* _Problem requirements_
Among the entries below, only the lines from the one with "An early 1970s" through the one with "Gdańsk. Powstały z" are wanted, reproduced exactly. Pictures are not wanted.

* _Provided information_
○ ○ ○ ○
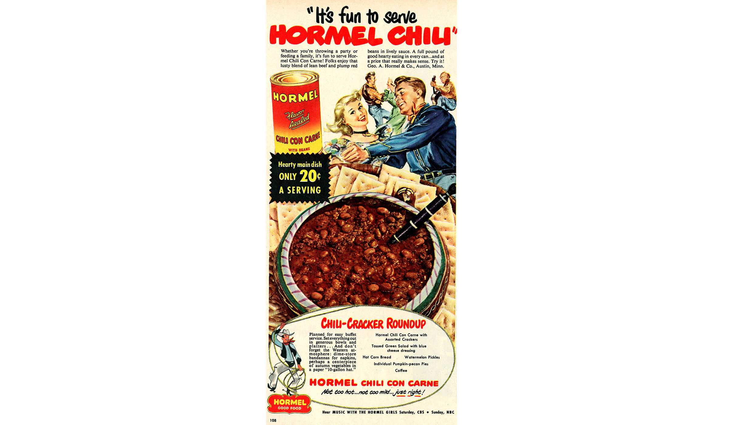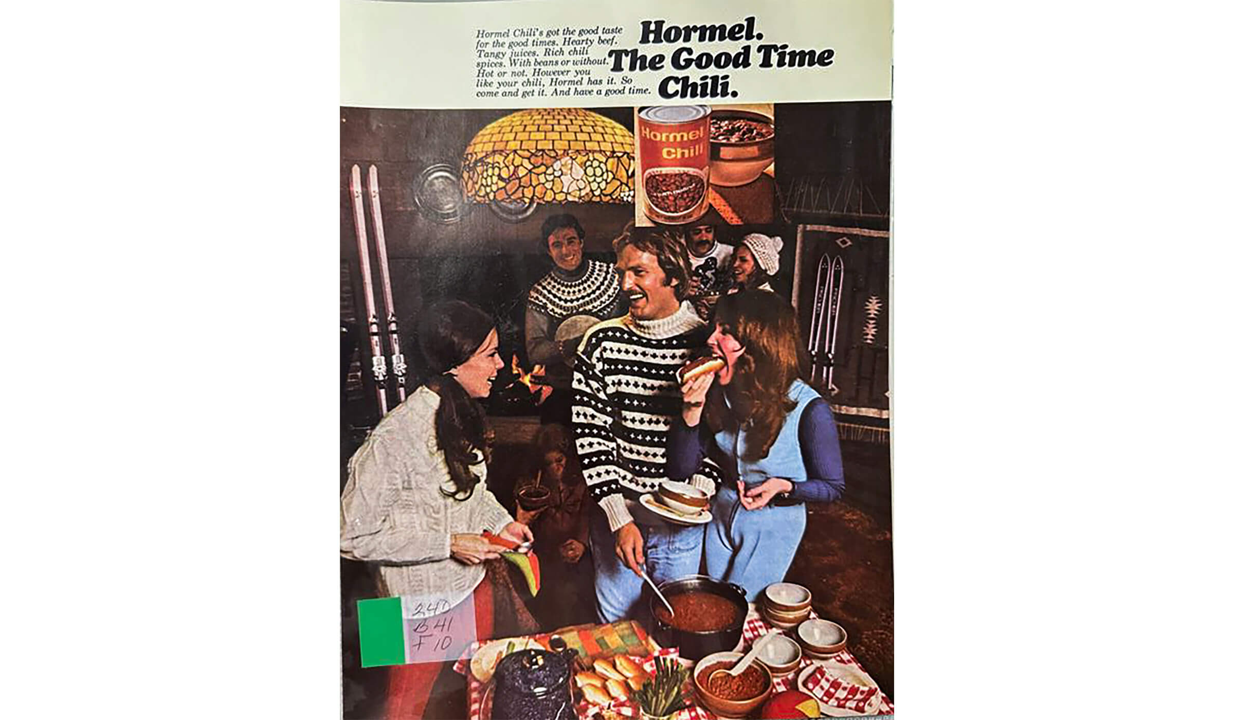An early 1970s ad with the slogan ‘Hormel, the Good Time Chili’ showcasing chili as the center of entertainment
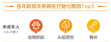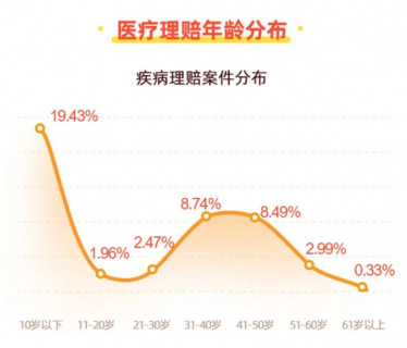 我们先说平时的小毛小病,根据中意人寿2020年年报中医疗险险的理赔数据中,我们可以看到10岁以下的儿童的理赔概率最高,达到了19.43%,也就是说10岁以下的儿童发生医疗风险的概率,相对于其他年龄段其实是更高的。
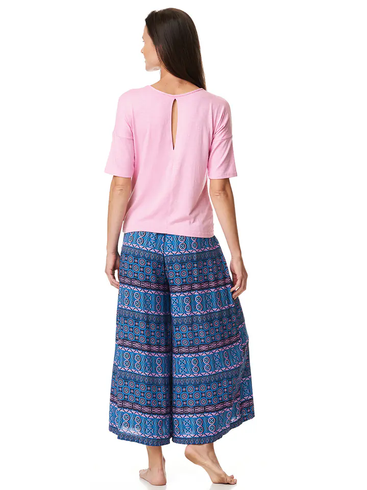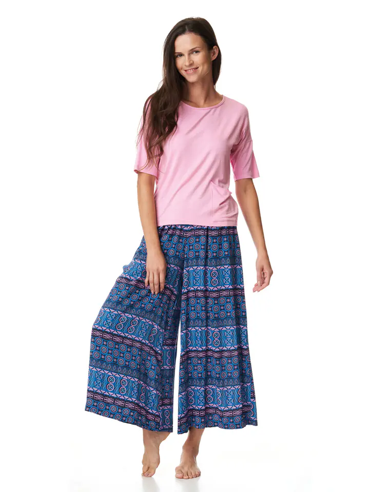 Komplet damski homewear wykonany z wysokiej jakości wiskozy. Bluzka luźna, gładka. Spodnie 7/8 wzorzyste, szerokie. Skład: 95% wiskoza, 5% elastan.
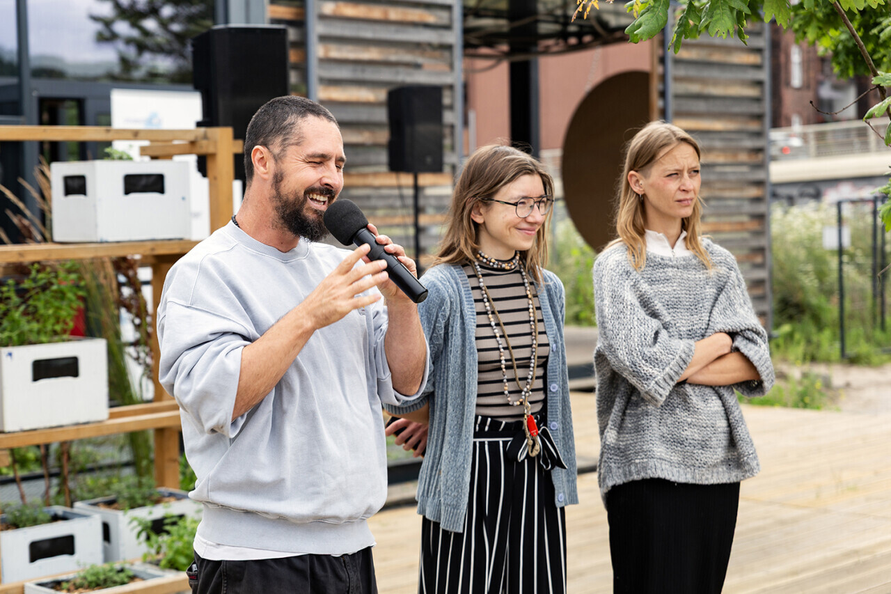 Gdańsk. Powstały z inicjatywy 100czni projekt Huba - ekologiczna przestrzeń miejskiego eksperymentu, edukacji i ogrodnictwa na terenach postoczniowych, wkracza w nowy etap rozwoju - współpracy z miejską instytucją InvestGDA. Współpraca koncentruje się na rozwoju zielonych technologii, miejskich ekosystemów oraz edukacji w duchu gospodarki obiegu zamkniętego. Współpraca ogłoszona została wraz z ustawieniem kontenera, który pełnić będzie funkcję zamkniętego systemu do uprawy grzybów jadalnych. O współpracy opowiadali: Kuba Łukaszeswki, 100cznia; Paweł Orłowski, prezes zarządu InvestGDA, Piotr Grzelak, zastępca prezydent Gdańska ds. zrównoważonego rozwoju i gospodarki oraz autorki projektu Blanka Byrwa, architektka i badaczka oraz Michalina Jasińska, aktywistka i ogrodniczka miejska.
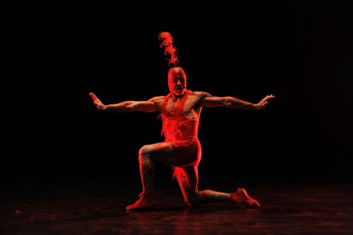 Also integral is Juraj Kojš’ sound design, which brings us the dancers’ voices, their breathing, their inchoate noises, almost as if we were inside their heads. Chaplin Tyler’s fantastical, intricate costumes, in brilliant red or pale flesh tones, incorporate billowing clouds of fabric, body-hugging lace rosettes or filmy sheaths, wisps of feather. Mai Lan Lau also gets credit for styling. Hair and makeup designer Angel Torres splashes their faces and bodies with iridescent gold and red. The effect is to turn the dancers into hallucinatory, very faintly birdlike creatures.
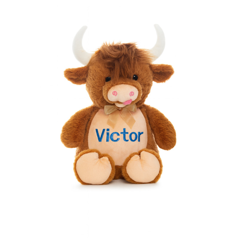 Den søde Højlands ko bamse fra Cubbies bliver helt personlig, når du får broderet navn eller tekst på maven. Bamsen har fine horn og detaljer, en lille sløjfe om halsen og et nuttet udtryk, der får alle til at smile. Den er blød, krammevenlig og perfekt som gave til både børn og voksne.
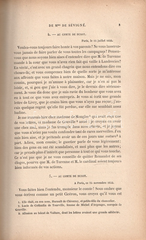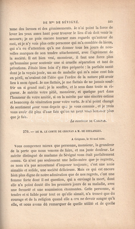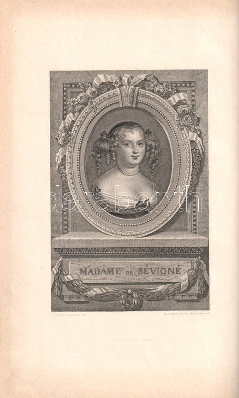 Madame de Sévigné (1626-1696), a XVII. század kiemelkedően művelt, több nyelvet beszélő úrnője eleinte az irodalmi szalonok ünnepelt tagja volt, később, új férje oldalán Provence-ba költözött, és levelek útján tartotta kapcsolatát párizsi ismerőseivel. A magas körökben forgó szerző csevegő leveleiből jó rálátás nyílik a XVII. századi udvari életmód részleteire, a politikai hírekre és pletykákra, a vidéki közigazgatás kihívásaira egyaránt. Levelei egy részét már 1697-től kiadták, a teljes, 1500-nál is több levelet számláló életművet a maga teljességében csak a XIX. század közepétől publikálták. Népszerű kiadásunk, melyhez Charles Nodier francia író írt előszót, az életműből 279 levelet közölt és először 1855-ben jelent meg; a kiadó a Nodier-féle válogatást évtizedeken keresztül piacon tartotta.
○ ○ ○ ○
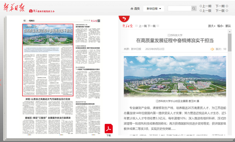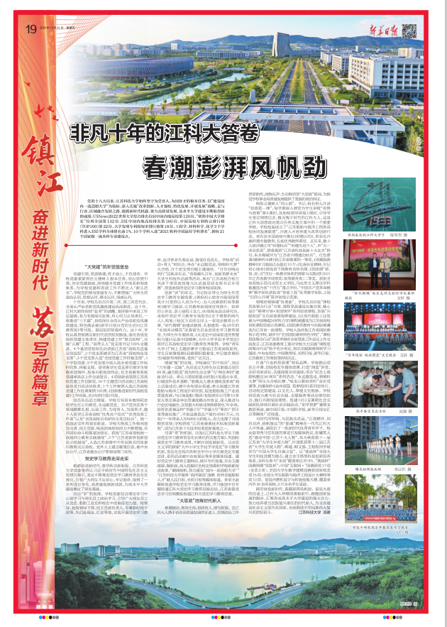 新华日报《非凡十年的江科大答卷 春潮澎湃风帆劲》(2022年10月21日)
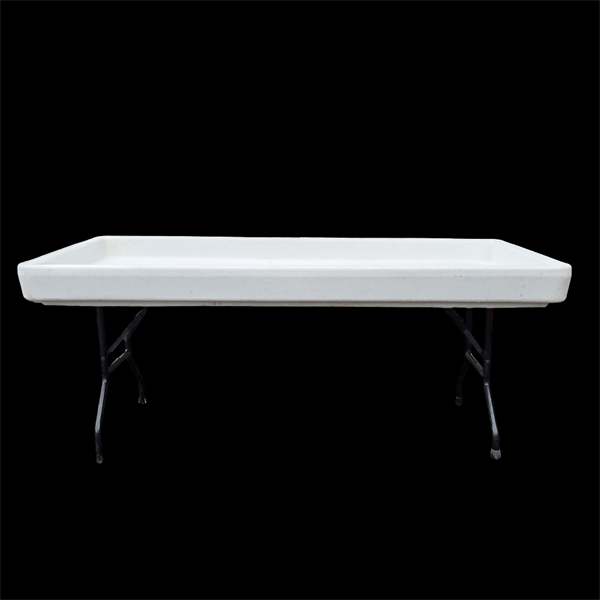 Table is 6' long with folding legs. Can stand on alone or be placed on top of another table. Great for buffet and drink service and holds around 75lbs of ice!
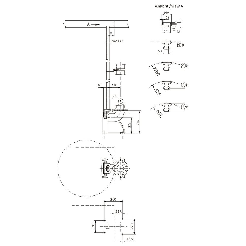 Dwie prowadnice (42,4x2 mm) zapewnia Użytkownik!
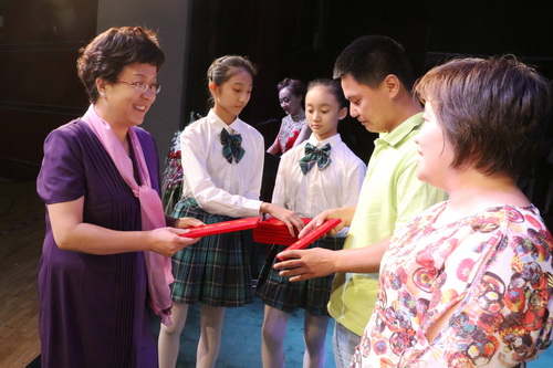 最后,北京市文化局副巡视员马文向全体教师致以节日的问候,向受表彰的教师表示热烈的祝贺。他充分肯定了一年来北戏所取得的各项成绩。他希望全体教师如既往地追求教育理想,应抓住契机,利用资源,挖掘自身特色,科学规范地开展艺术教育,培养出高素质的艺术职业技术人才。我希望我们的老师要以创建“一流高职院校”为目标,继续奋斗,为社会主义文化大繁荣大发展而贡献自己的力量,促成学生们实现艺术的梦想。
○ ○ ○ ○
* _Output for this exercise_
An early 1970s ad with the slogan ‘Hormel, the Good Time Chili’ showcasing chili as the center of entertainment
 我们先说平时的小毛小病,根据中意人寿2020年年报中医疗险险的理赔数据中,我们可以看到10岁以下的儿童的理赔概率最高,达到了19.43%,也就是说10岁以下的儿童发生医疗风险的概率,相对于其他年龄段其实是更高的。
 Komplet damski homewear wykonany z wysokiej jakości wiskozy. Bluzka luźna, gładka. Spodnie 7/8 wzorzyste, szerokie. Skład: 95% wiskoza, 5% elastan.
 Gdańsk. Powstały z inicjatywy 100czni projekt Huba - ekologiczna przestrzeń miejskiego eksperymentu, edukacji i ogrodnictwa na terenach postoczniowych, wkracza w nowy etap rozwoju - współpracy z miejską instytucją InvestGDA. Współpraca koncentruje się na rozwoju zielonych technologii, miejskich ekosystemów oraz edukacji w duchu gospodarki obiegu zamkniętego. Współpraca ogłoszona została wraz z ustawieniem kontenera, który pełnić będzie funkcję zamkniętego systemu do uprawy grzybów jadalnych. O współpracy opowiadali: Kuba Łukaszeswki, 100cznia; Paweł Orłowski, prezes zarządu InvestGDA, Piotr Grzelak, zastępca prezydent Gdańska ds. zrównoważonego rozwoju i gospodarki oraz autorki projektu Blanka Byrwa, architektka i badaczka oraz Michalina Jasińska, aktywistka i ogrodniczka miejska.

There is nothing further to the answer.